I’ve been helping some friends make their starters and given them a bit of mine to add to theirs.

It makes it friendship bread!


When you are ready to bake your bread, you’ll need:

+ half of your starter, approx 7 oz

+ dark rye flour, 275 grams

+ cracked rye, 330 grams (this was really hard for me to find, so I bought it on Amazon)

+ whole wheat flour, 300 grams

+ flaxseeds, 80 grams

+ cold water, 24 oz

+ molasses, 1 tbsp

+ sea salt, 1.5 tbsp

What you do:

+ Oil your pan. I use a silicon brush and avocado or olive oil for this. My pan is the standard 9×5. The MDK recipe calls for a bigger pan, so if you have it, use it. I’ve used 2 smaller pans, but I like my overflowing 9×5 pan better. In the future I will be buying this one.

+ In a big bowl, combine all the above ingredients. I recommend stirring it by hand with a big wooden spoon. Using a mixer with the dough hook is actually more difficult. 

+ Pour (more like scoop – it’s thick) the dough into your oiled pan and even it out.

+ Cover the pan with plastic wrap and let it sit for 10 -12 hours.


Yes, 10 -12 hours… I always do this at night, so when I wake up the next morning it’s ready to bake. You could also make the dough in the morning, and bake it when you get home from work that evening. Whatever works.

10 – 12 hours later…

+ Preheat your oven to 400 F.

+ Remove plastic wrap & poke about 20 holes in the loaf with a skewer/toothpick. This is to let steam out while it bakes.

+ Brush the top of the loaf with oil/water.

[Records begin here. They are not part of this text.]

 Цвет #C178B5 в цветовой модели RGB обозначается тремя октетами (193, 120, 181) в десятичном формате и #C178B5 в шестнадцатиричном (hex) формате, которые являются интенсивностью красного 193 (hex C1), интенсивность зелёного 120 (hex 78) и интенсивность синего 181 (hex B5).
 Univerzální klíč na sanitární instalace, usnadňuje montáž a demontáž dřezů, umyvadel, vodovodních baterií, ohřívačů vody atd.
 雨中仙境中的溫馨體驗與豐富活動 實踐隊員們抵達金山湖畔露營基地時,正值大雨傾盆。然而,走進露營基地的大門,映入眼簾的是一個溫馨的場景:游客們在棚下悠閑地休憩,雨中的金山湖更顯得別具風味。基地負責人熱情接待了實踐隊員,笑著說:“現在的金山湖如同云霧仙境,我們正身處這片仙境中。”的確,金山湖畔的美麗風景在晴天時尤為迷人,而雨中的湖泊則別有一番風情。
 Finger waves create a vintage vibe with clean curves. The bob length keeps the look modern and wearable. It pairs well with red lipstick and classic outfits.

Again, I use a silicon brush and avo or olive oil.

+ Bake in the oven for 1 hour and 15 mins at 400 F.


When the bread comes out of the oven…

+ Keep it in the pan and let it cool off for a few minutes.

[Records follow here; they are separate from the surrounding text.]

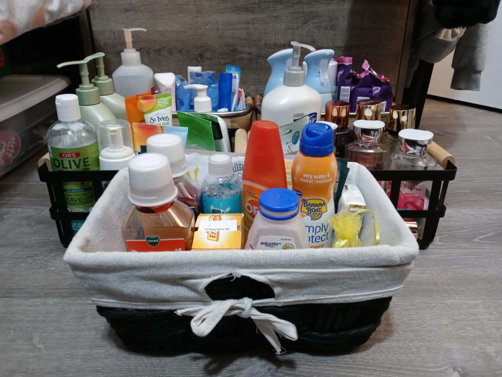 Now that you have cleared everything out, hopefully gotten rid of some things, and sorted everything it’s time to put away what is left. I do not suggest trying to mix & match different items into your bins. Instead, put like items or items in the same general category into similar bins. I find that it helps to keep my makeup items in the same bins and separate from my hair items. Similarly, I like to keep my lotions and perfumes together, but in a separate bin from my face washes and shampoos. When you try to mix different items, it can be easy to get confused or to forget where certain items are. Here are some suggestions for matching – create bins for: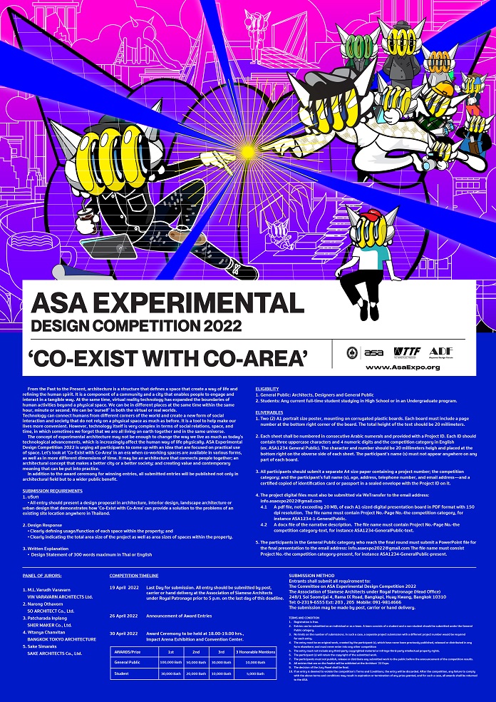 「タイ王立建築家協会(ASA) エクスペリメンタル・デザイン・コンペティション2022」は、空間の実用的な利用に焦点を当てたアイデア“CO-EXIST WITH CO-AREA”をテーマとしております。ADF(NPO青山デザインフォーラム)はASAと提携しコンペティションをサポートします。今年度の参加応募資格はタイ居住者のみとなり、応募締め切りは2022年4月19日17:00(GMT+7)までです。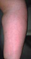 Pruritic red patches have developed on the trunk and extremities of a 25-year-old woman following her first session at a tanning salon after a hiatus of several months. She had previously visited the salon on several occasions, with no ill effects. Treatment with an over-the-counter hydrocortisone cream has been ineffective. The patient takes no medication other than an oral contraceptive.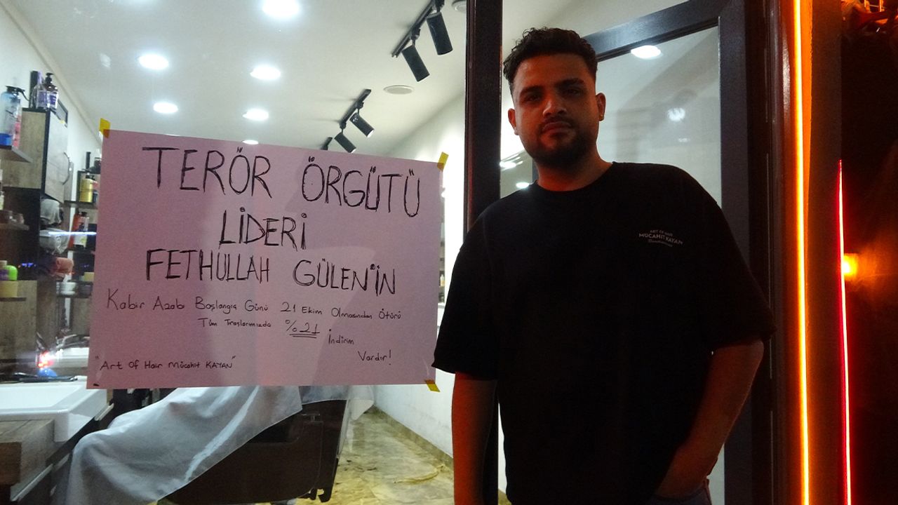 3 yıldır erkek kuaförlüğü yapan Mücahit Kayan, dükkanının camına astığı “Terör örgütü lideri Fetullah Gülen’in kabir azabı başlangıç günü 21 Ekim olmasından ötürü tüm tıraşlarımızda yüzde 21 indirim vardır” şeklindeki yazı ile indirim kampanyası başlattı.

+ While the bread is still pretty warm, take it out of the pan, put it in a plastic bag and make sure it’s sealed. I use thin, clear bags you put produce in at the grocery store. Just grab a few off the roll and stuff them in your pocket. No one cares. I seal it shut with a bag clip.

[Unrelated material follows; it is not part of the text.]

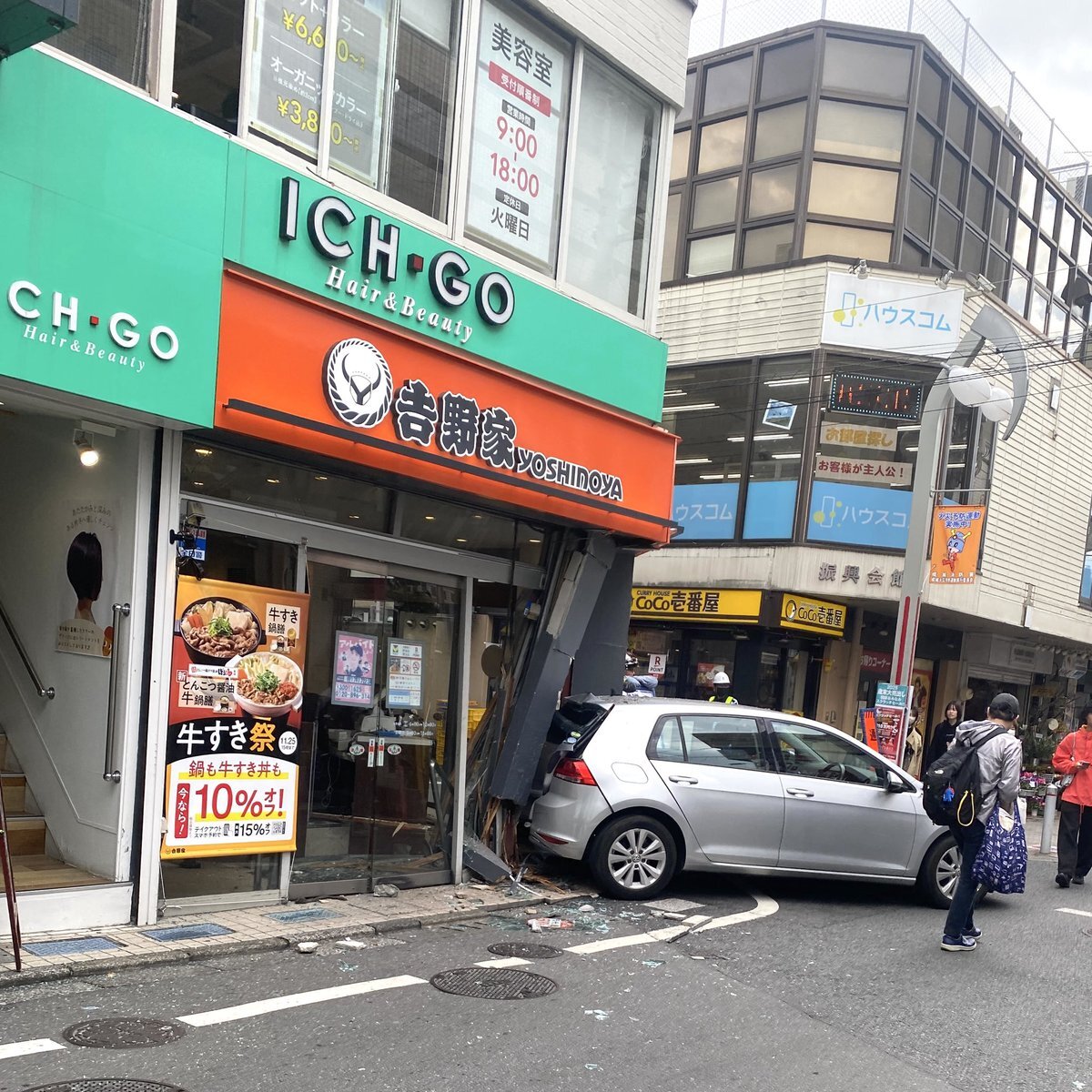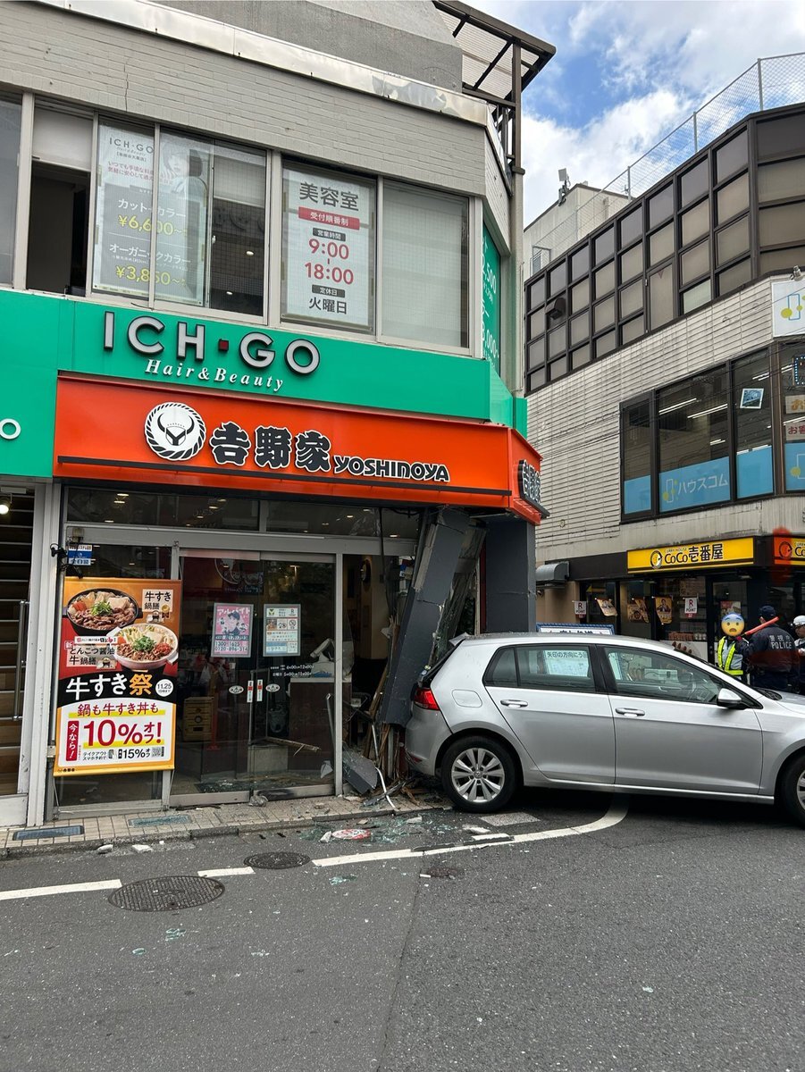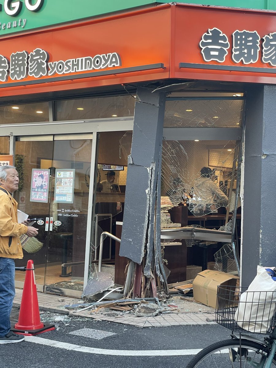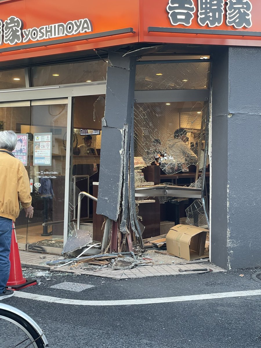 店舗に車が突っ込む事故 世田谷区砧6丁目39-6 吉野家 祖師ケ谷大蔵駅前店 ※撮影は日中

** You put it in the bag while it’s hot so the the steam & condensation soften the super hard crust.**

+ Let the bread totally cool. This will take a couple hours. Then slice into thin pieces. This bread is filling so thin slices are best. The bread is hard so slicing is a workout…. You can probs skip arm day at the gym.

+ Once it’s sliced, wipe the water out of the bag and reuse it. You can keep your bread in the fridge, freezer or in your bread basket. It freezes really well. 


It seems like a lot of steps but once you make it, you’ll see it’s actually so easy. And, there’s room to play! One time I made it normal, one time I added raw, unsalted sunflower seeds and next time I’m going to crust the top of the loaf in 1 billion sesame seeds.


My absolute, favourite way to eat rugbrød is toasted and then topped with a slice of havarti and a red or orange sliced bell pepper. It’s the best.

My boyfriend is Faroese so I spend a lot of time in the Faroe Islands and Denmark (the Faroe Islands are part of Denmark). I love many things about life over there but the rugbrød tops the charts. I was so happy when I found this recipe on My Danish Kitchen because it tastes exactly like the loaves I buy when I’m over there. I’m almost mad I know how to make it now. Will it stay being special to me? Probably not. Oh well. It’s too good for me to not have it in my kitchen all the time, no matter what country I’m in.